Increasing interest in applying large language models (LLMs) to medicine is due in part to their impressive performance on medical exam questions. However, these exams do not capture the complexity of real patient–doctor interactions because of factors like patient compliance, experience, and cognitive bias. We hypothesized that LLMs would produce less accurate responses when faced with clinically biased questions as compared to unbiased ones. To test this, we developed the BiasMedQA dataset, which consists of 1273 USMLE questions modified to replicate common clinically relevant cognitive biases.
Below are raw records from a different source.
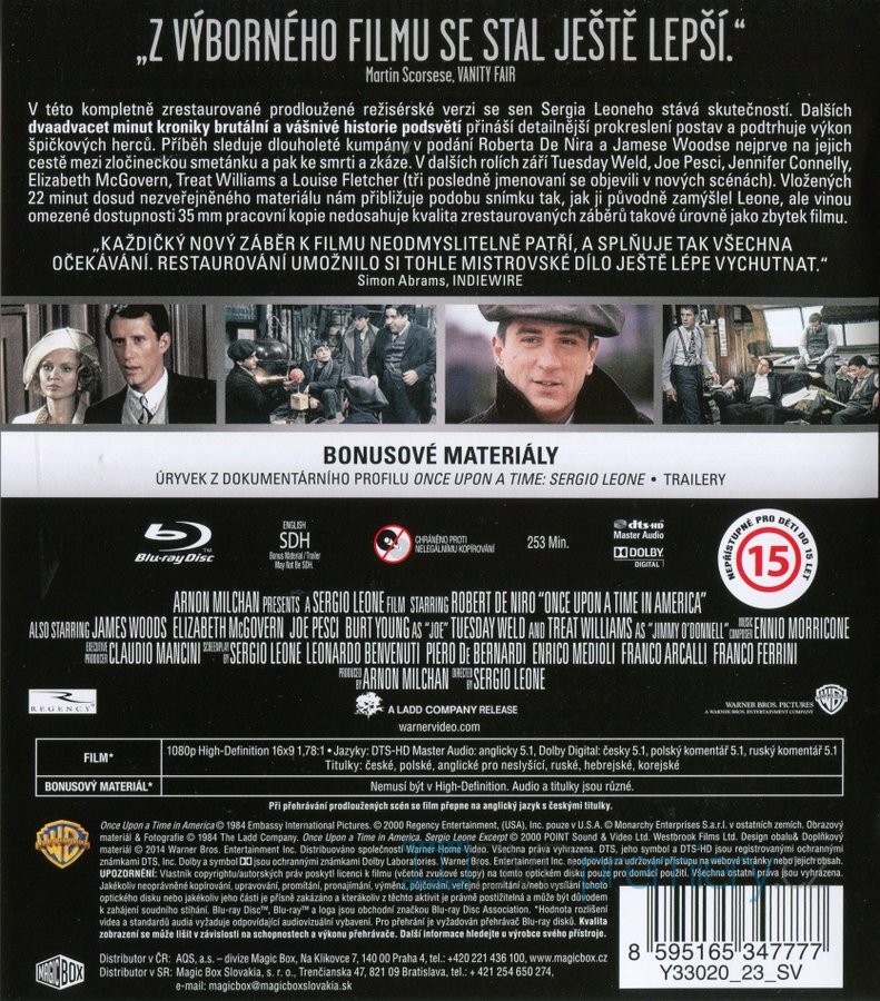 Blu-ray film Tenkrát v Americe HD [1984]. Český dabing. České titulky. Dolby Digital. Hrají: Robert De Niro. O 22 minut delší režisérská verze.
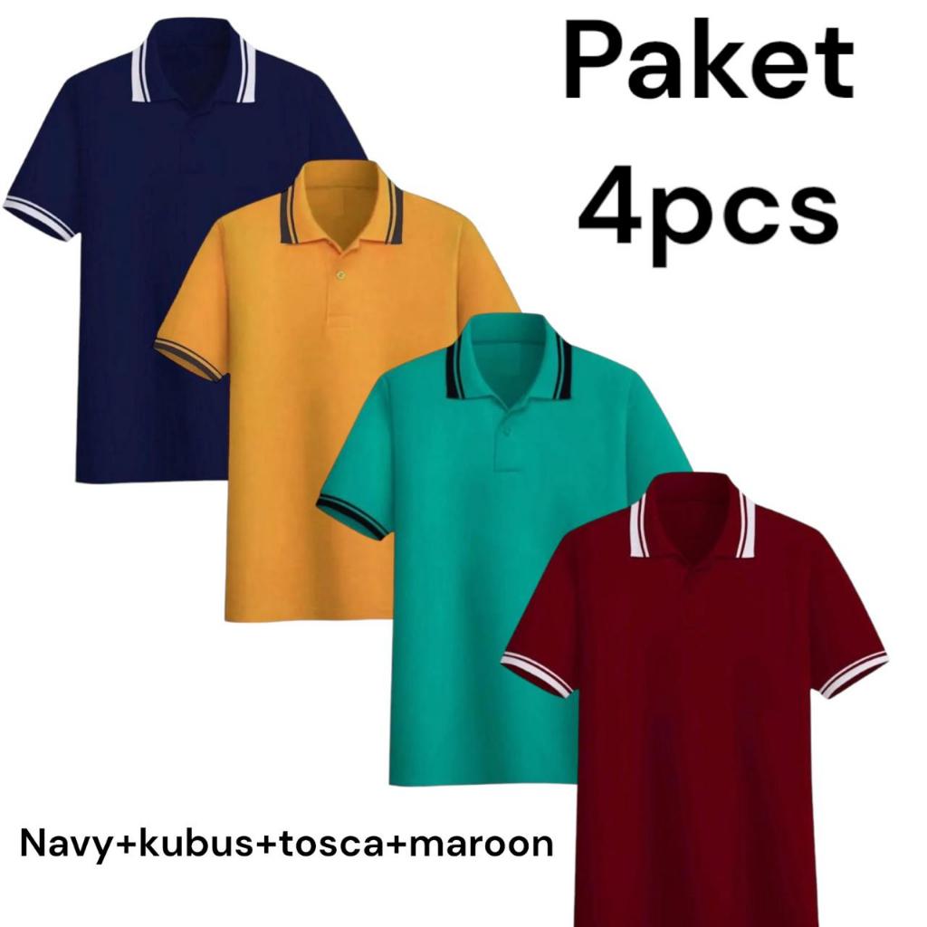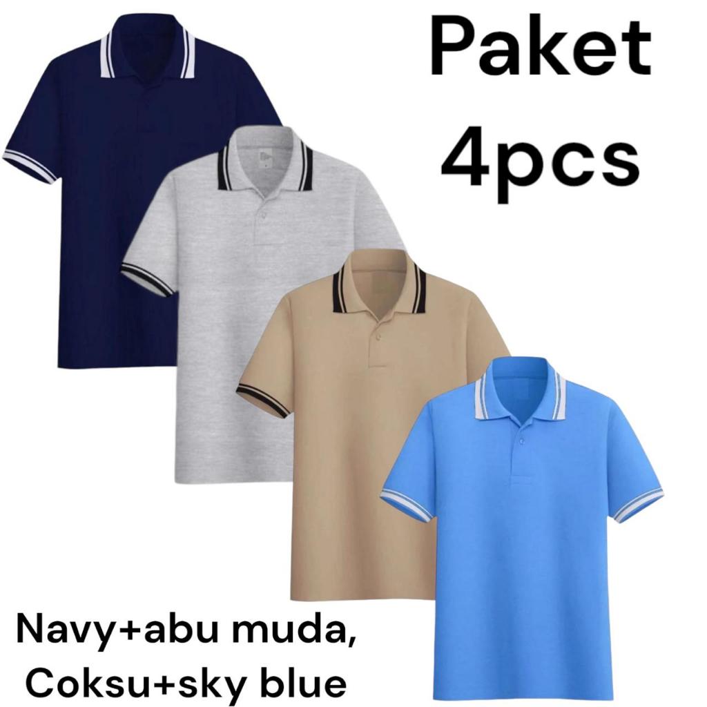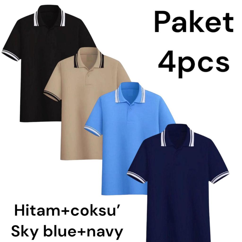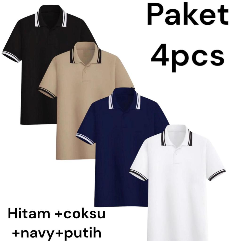 Paket 4Pcs Kaos Polo /Shirt Polos Hitam Putih Kerah Stripe | Cowok/ Wanita
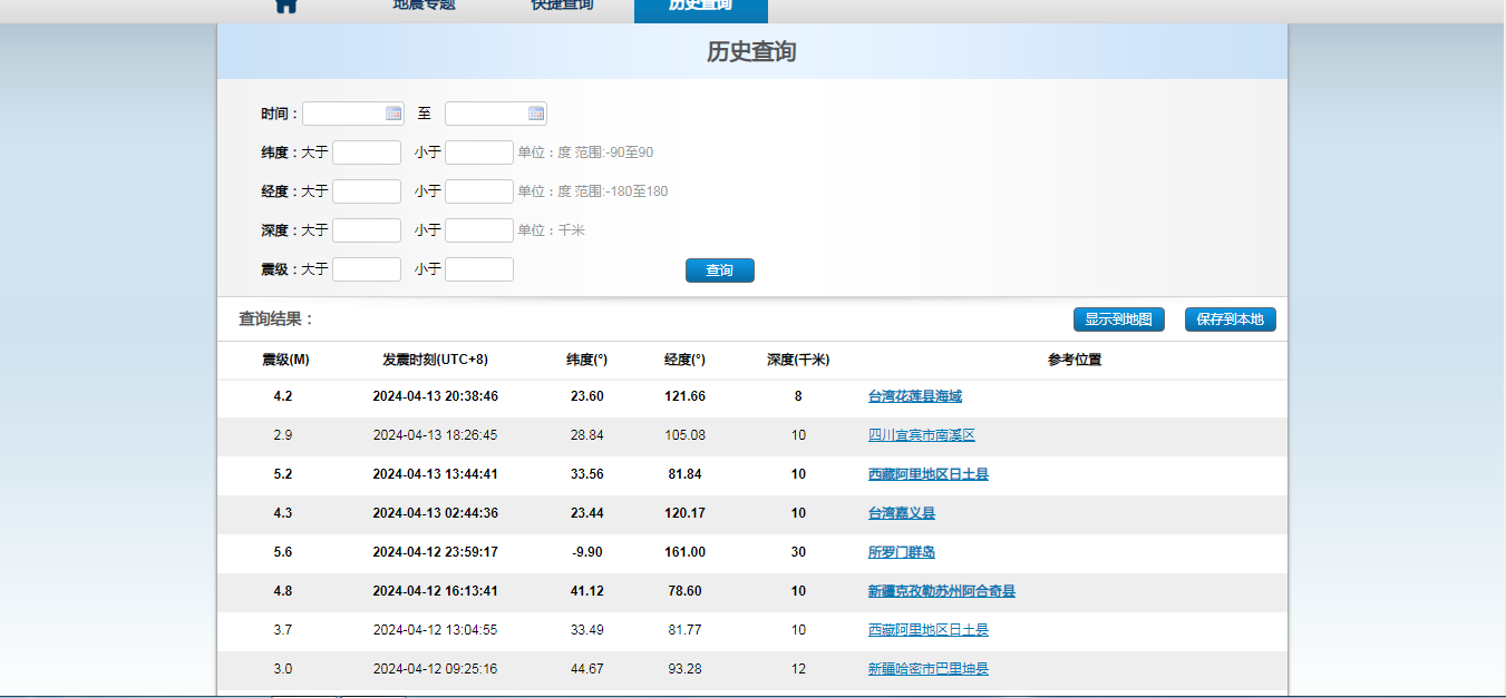 在地震历史中可以查询到近10年的地震信息,可以在官方网站中打开历史查询tab页。默认不输入任何条件,查询近期的地震信息。界面如下所示:
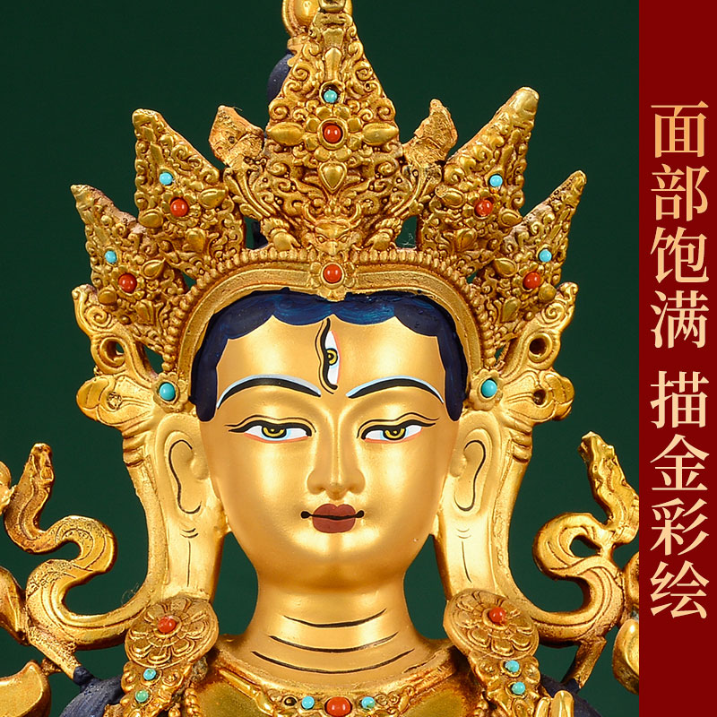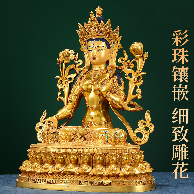 白度母全鎏金镶宝石双层底座铜像居家桌面度母像摆件10寸
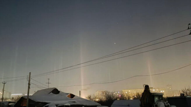 Как пояснил автор, эти "столбы" не что иное, как оптический эффект. Он возникает, когда свет отражается от плоских ледяных кристаллов в воздухе. Из-за этого кажется, будто в небе стоят большие светящиеся столбы.
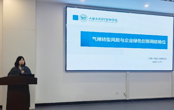 韩云的汇报主题为“气候转型风险与企业绿色创新网络地位”。她结合机器学习与复杂网络分析等方法,系统分析了气候转型风险对企业绿色创新网络地位的影响及传导路径。该研究为企业应对转型风险、推动复杂网络环境下的绿色创新,提供了实证依据与决策参考。
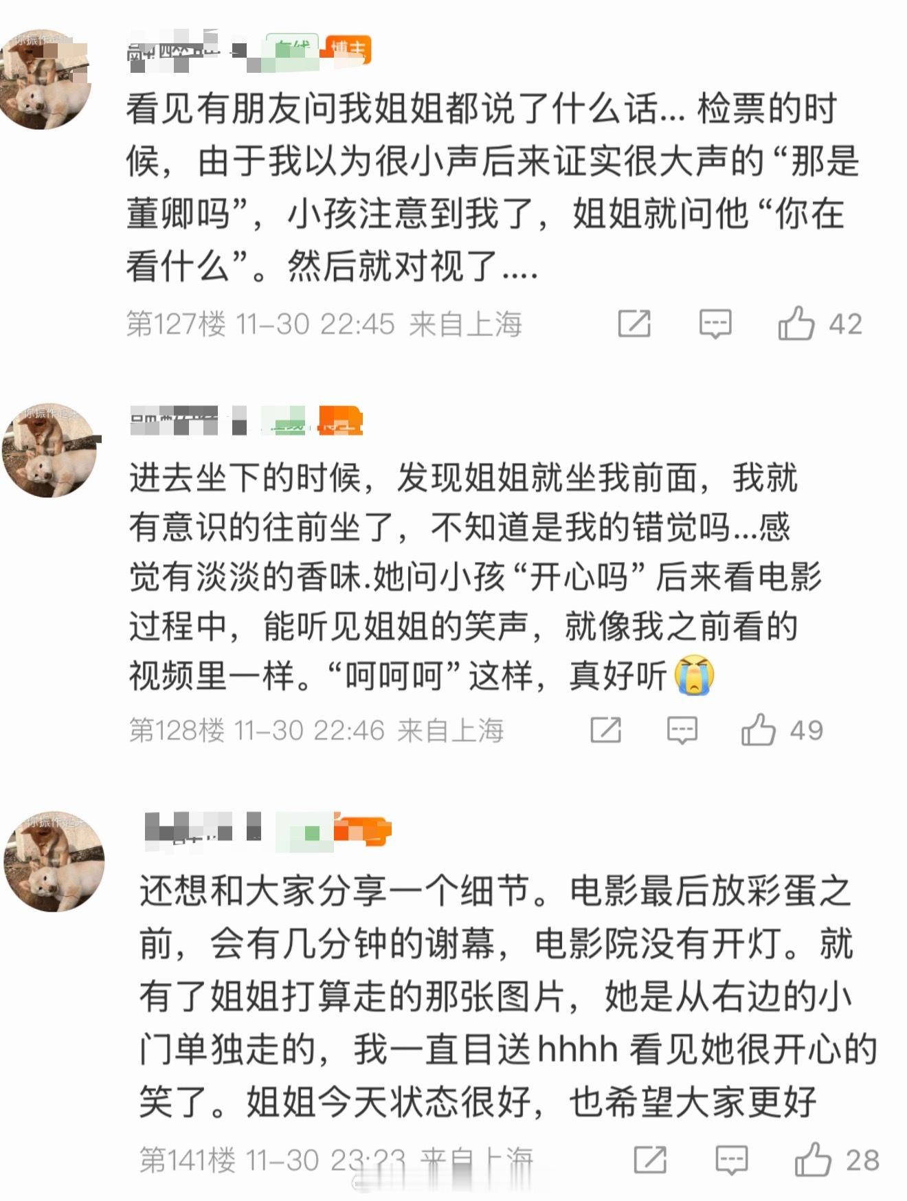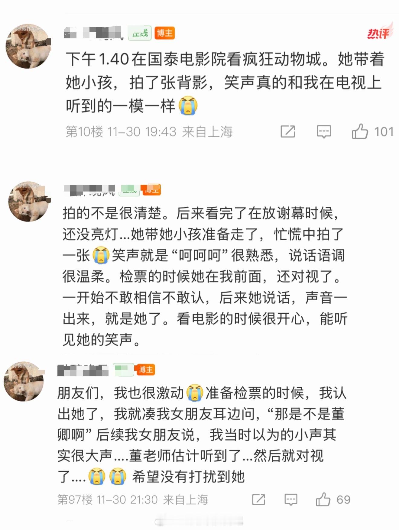 偶遇董卿看疯狂动物城有网友偶遇董卿来看疯狂动物城了!说董卿身上有淡淡的香味,声音就和之前视频里听到的一样,好像看的很开心,能听到她的笑声人果然还是要多出门啊,什么时候我才能遇到董卿!!!
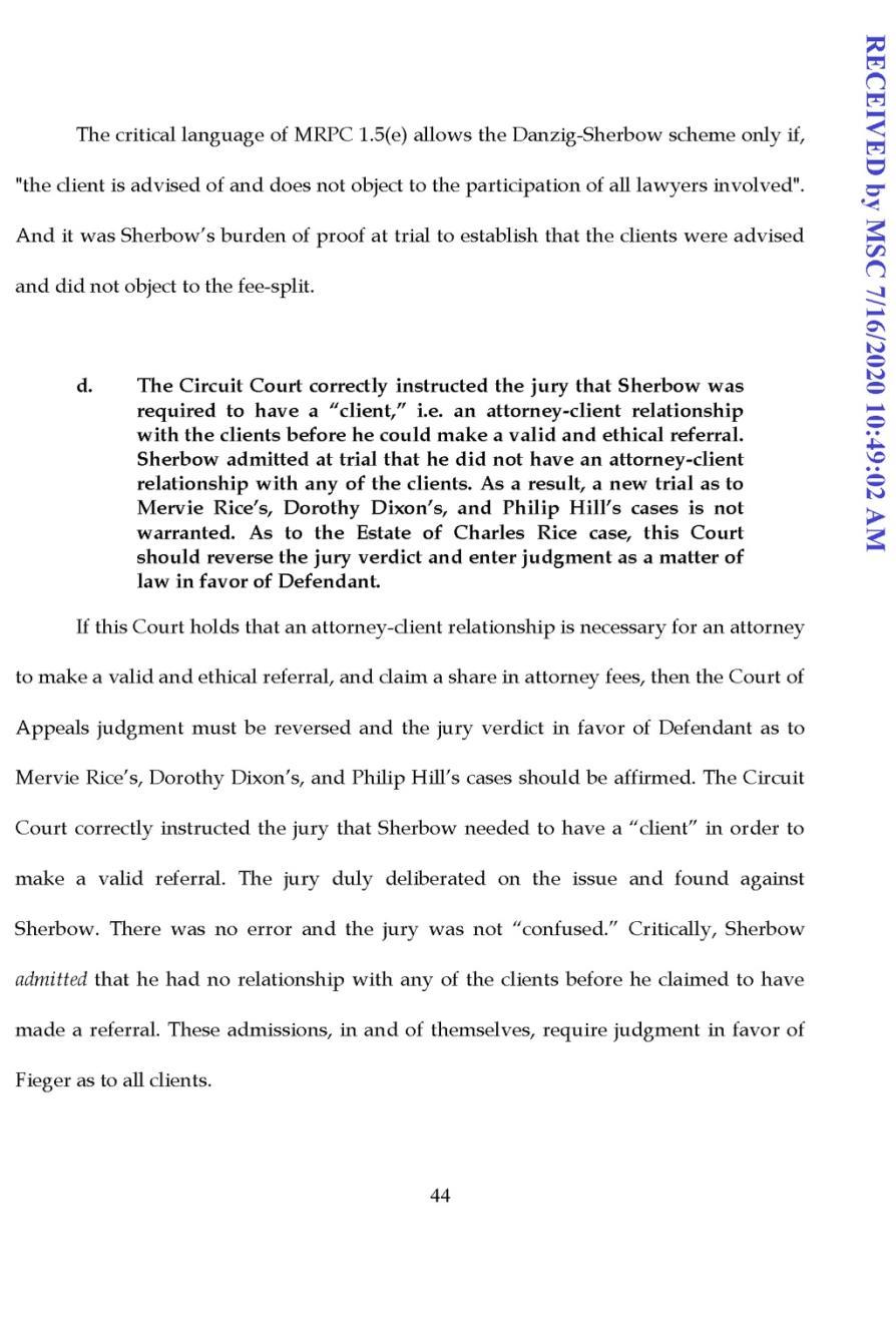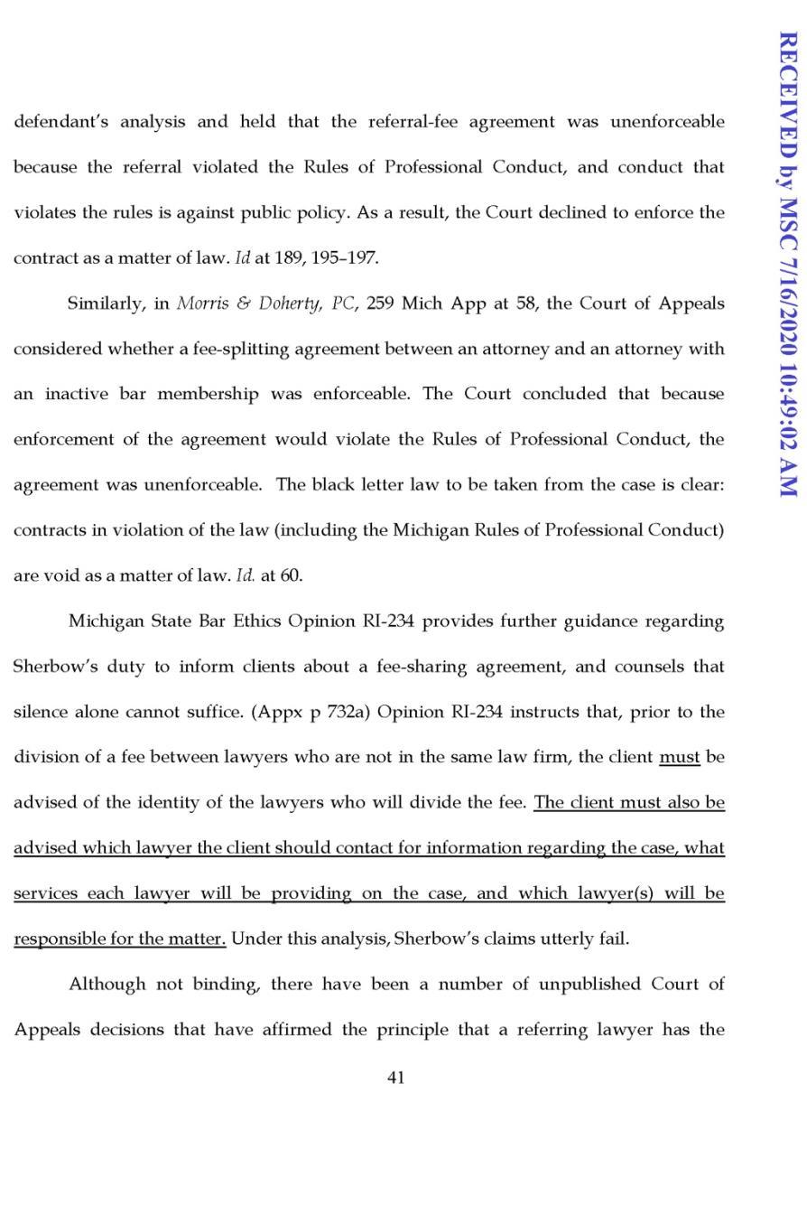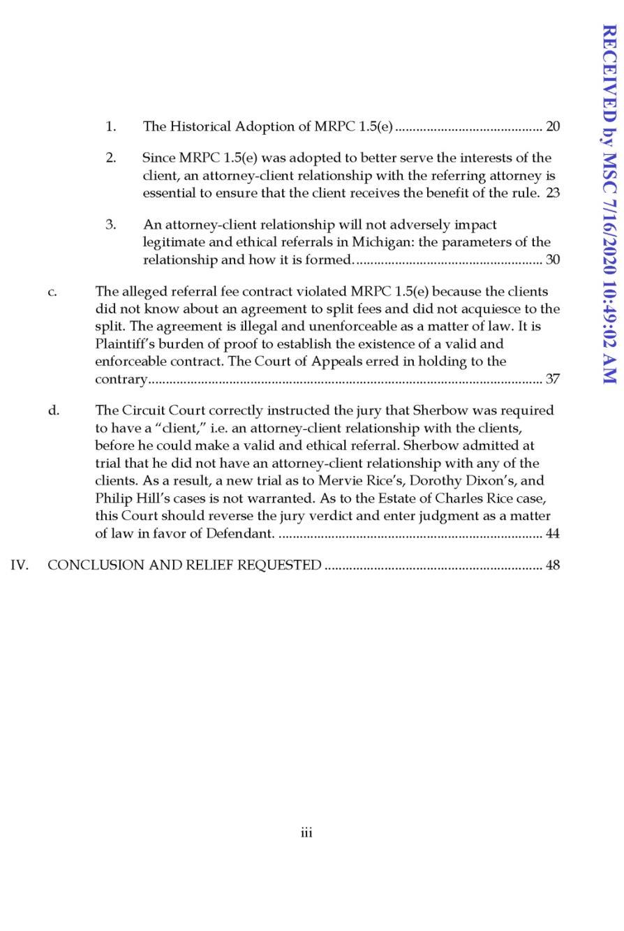 Defendant Appellant’s brief argued that the Michigan Court of Appeals cleared a pathway for predatory practices when it held that an attorney client relationship is not a necessary prerequisite for a lawyer to claim an attorney fee for legally and ethically referring a client under MRPC 1.5(e). Defendant Appellant’s brief also addressed the order for a new trial. Citing a consensus of cases on this matter, Defendant Appellant encouraged the Court to find that there was no basis for the Court of Appeals to order a new trial. The brief pointed out that because an attorney client relationship is required, the trial court did not err in instructing the jury that such a
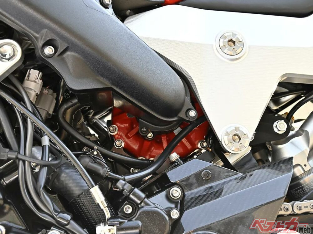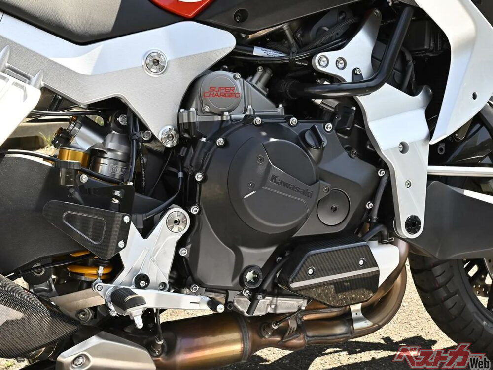 パワーユニットはカワサキのH2系で、電子制御系も基本的に継承している。スーパーチャージャー付きの水冷DOHC4バルブ直列4気筒ユニットは、998ccの排気量から最高出力147.1kW(200PS)/11000rpm、最大トルク137N・m(13.9kgm)/8500rpmというスペック。

We assessed six LLMs on BiasMedQA and found that GPT-4 stood out for its resilience to bias, in contrast to Llama 2 70B-chat and PMC Llama 13B, which showed large drops in performance. Additionally, we introduced three bias mitigation strategies, which improved but did not fully restore accuracy. Our findings highlight the need to improve LLMs’ robustness to cognitive biases, in order to achieve more reliable applications of LLMs in healthcare.



中文翻译:


医学语言模型中认知偏差的评估和缓解



人们对将大型语言模型 (LLMs,部分原因是它们在医学检查题中的出色表现。然而,由于患者依从性、体验和认知偏差等因素,这些检查并没有捕捉到真实患者与医生互动的复杂性。我们假设 LLMs面对无偏倚的问题时,LLMs 在面对临床偏倚的问题时产生的回答不太准确。为了测试这一点,我们开发了 BiasMedQA 数据集,其中包含 1273 个 USMLE 问题,经过修改以复制常见的临床相关认知偏倚。我们在 BiasMedQA 上评估了六个 LLMs,发现 GPT-4 因其对偏见的弹性而脱颖而出,相比之下,Llama 2 70B-chat 和 PMC Llama 13B 的性能大幅下降。此外,我们引入了三种偏差缓解策略,这些策略提高了但并未完全恢复准确性。我们的研究结果强调了需要提高 LLMs 对认知偏差的鲁棒性,以便在医疗保健中实现 LLMs。